ASSIGNMENT -
The following data needs to be repeated exactly, with all images excluded.

DATA SHOWN -

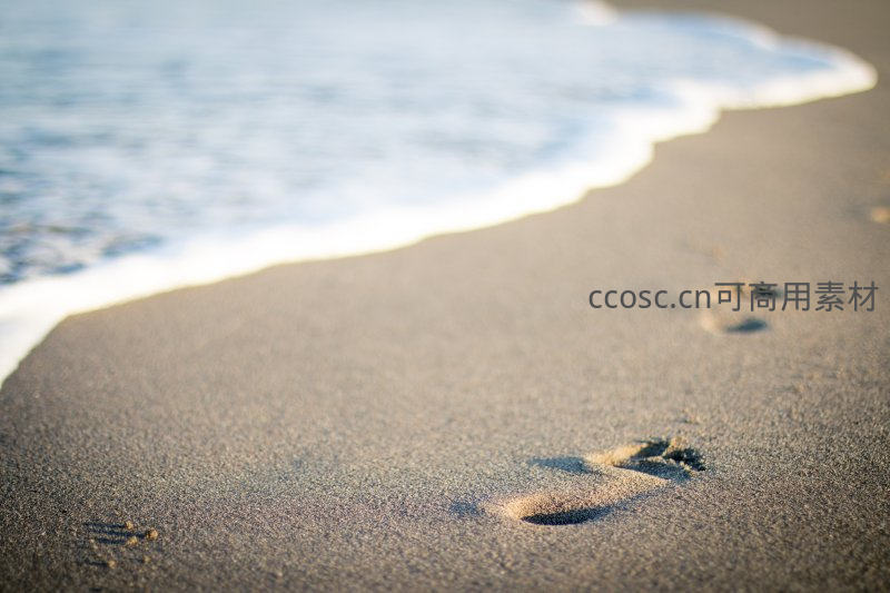 细腻的沙滩上留下一串浅浅的脚印,温柔的海浪正缓缓涌来,即将抹去这短暂的痕迹,营造出静谧而浪漫的海滨氛围。
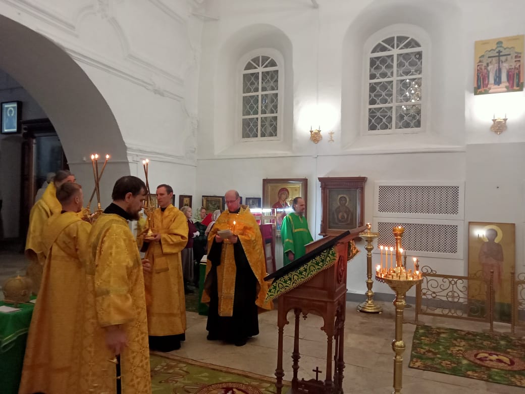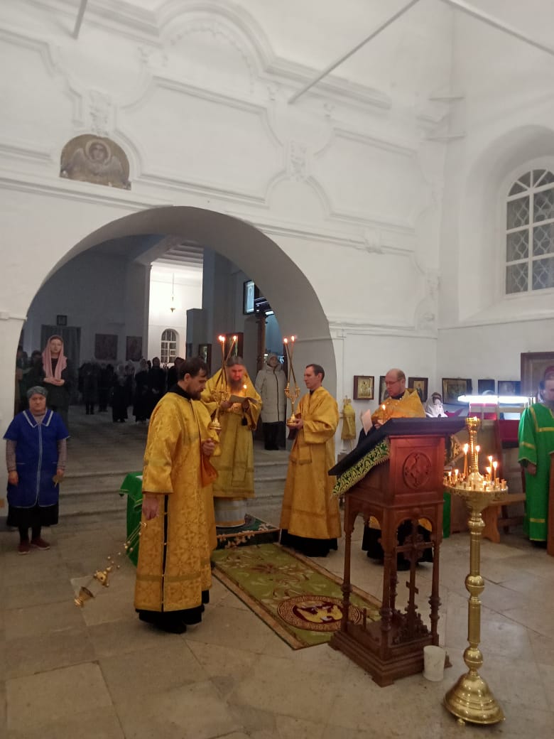 Владыке сослужили: клирик Прокопьевского собора иерей Андрей Игнатьев, а также диакон Иван Холодилов.
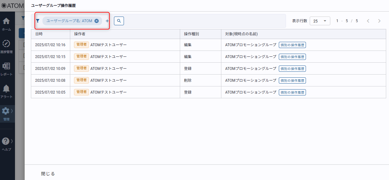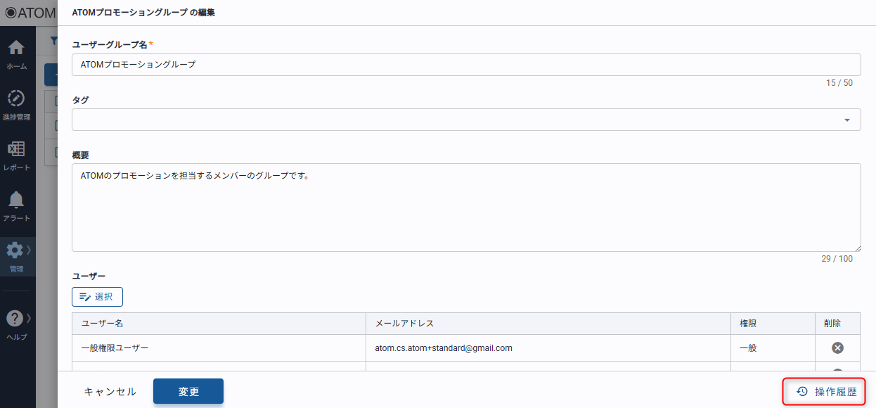 ユーザーグループ編集画面の[操作履歴]からも個別の操作履歴を確認できます。

ANSWER TO THIS EXERCISE -
 细腻的沙滩上留下一串浅浅的脚印,温柔的海浪正缓缓涌来,即将抹去这短暂的痕迹,营造出静谧而浪漫的海滨氛围。
 Владыке сослужили: клирик Прокопьевского собора иерей Андрей Игнатьев, а также диакон Иван Холодилов.
 ユーザーグループ編集画面の[操作履歴]からも個別の操作履歴を確認できます。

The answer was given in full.